◆ Provided data ◆
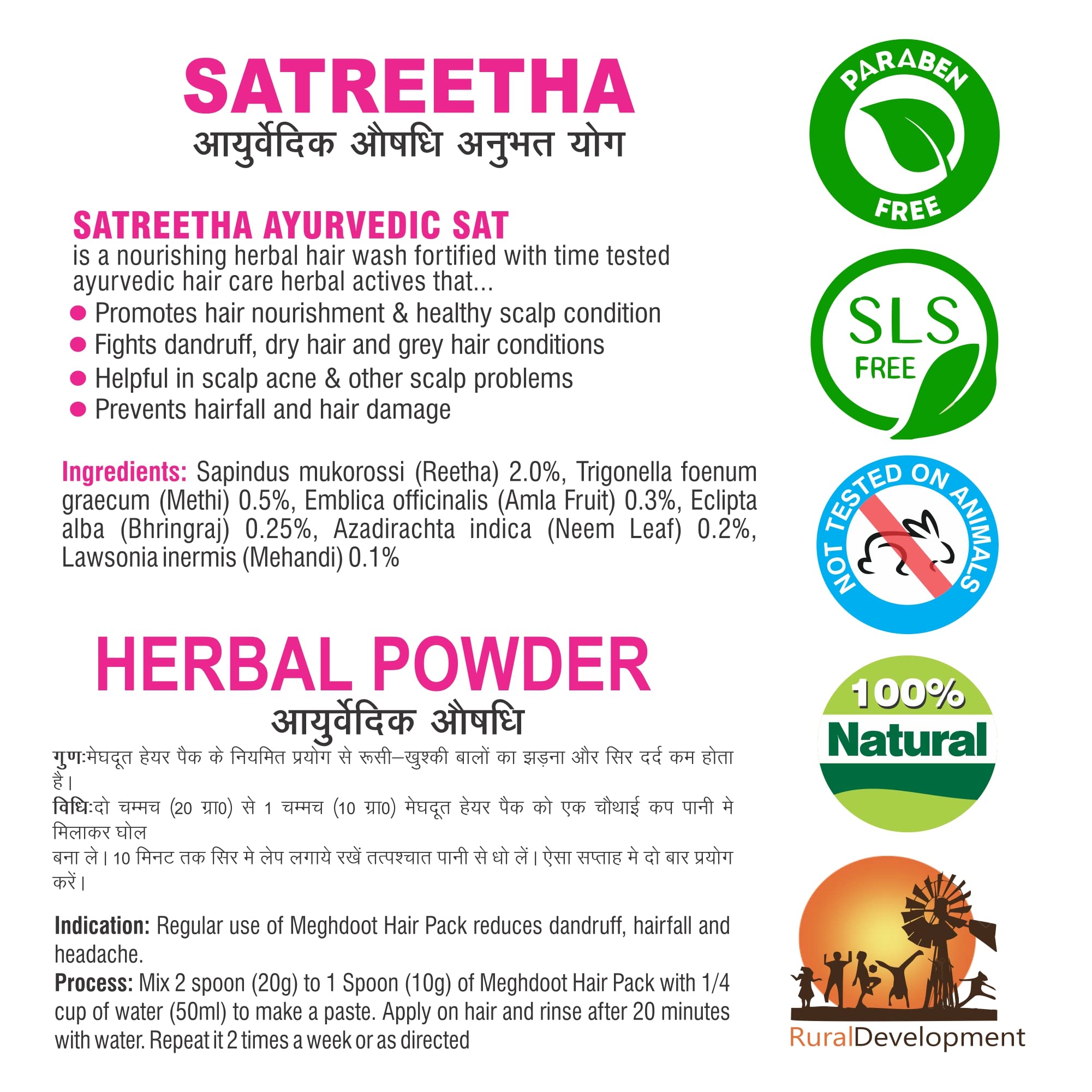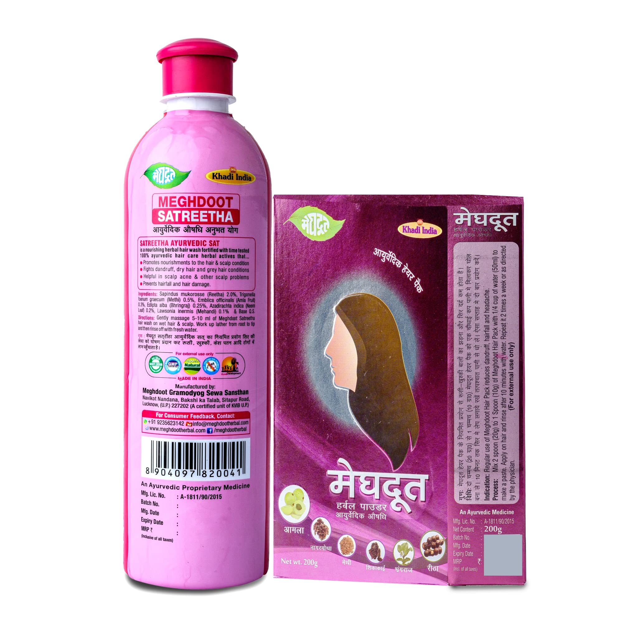 Complete Ayurvedic Hair Care Solution: This combo pack includes Meghdoot's Satreetha Shampoo and Herbal Powder both formulated with natural ingredients for holistic hair and scalp care.
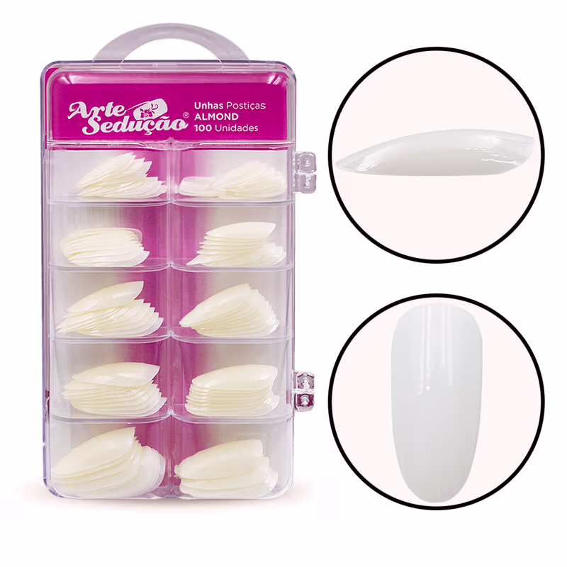 01 - Caixa Acrílica com 100 Unidades de Unhas Postiças Formato Almond Amendoadas
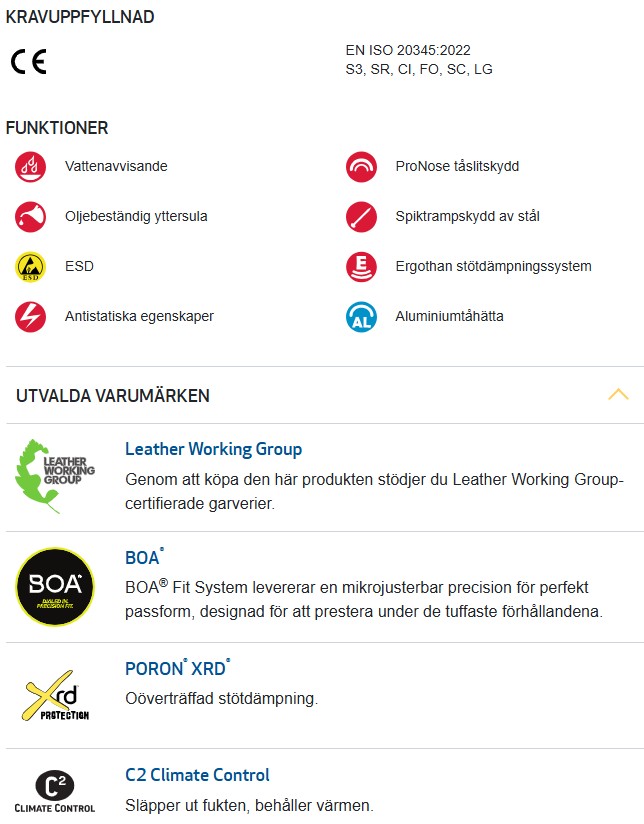 - Motverkar risk för: Tåskador, spikpenetration, vrickningsskador, antistatiska risker, halkning, belastningsskador

◆ Problem description ◆
Reproduce every line above as written, skipping pictures.

◆ Answer to this task ◆
 Complete Ayurvedic Hair Care Solution: This combo pack includes Meghdoot's Satreetha Shampoo and Herbal Powder both formulated with natural ingredients for holistic hair and scalp care.
 01 - Caixa Acrílica com 100 Unidades de Unhas Postiças Formato Almond Amendoadas
 - Motverkar risk för: Tåskador, spikpenetration, vrickningsskador, antistatiska risker, halkning, belastningsskador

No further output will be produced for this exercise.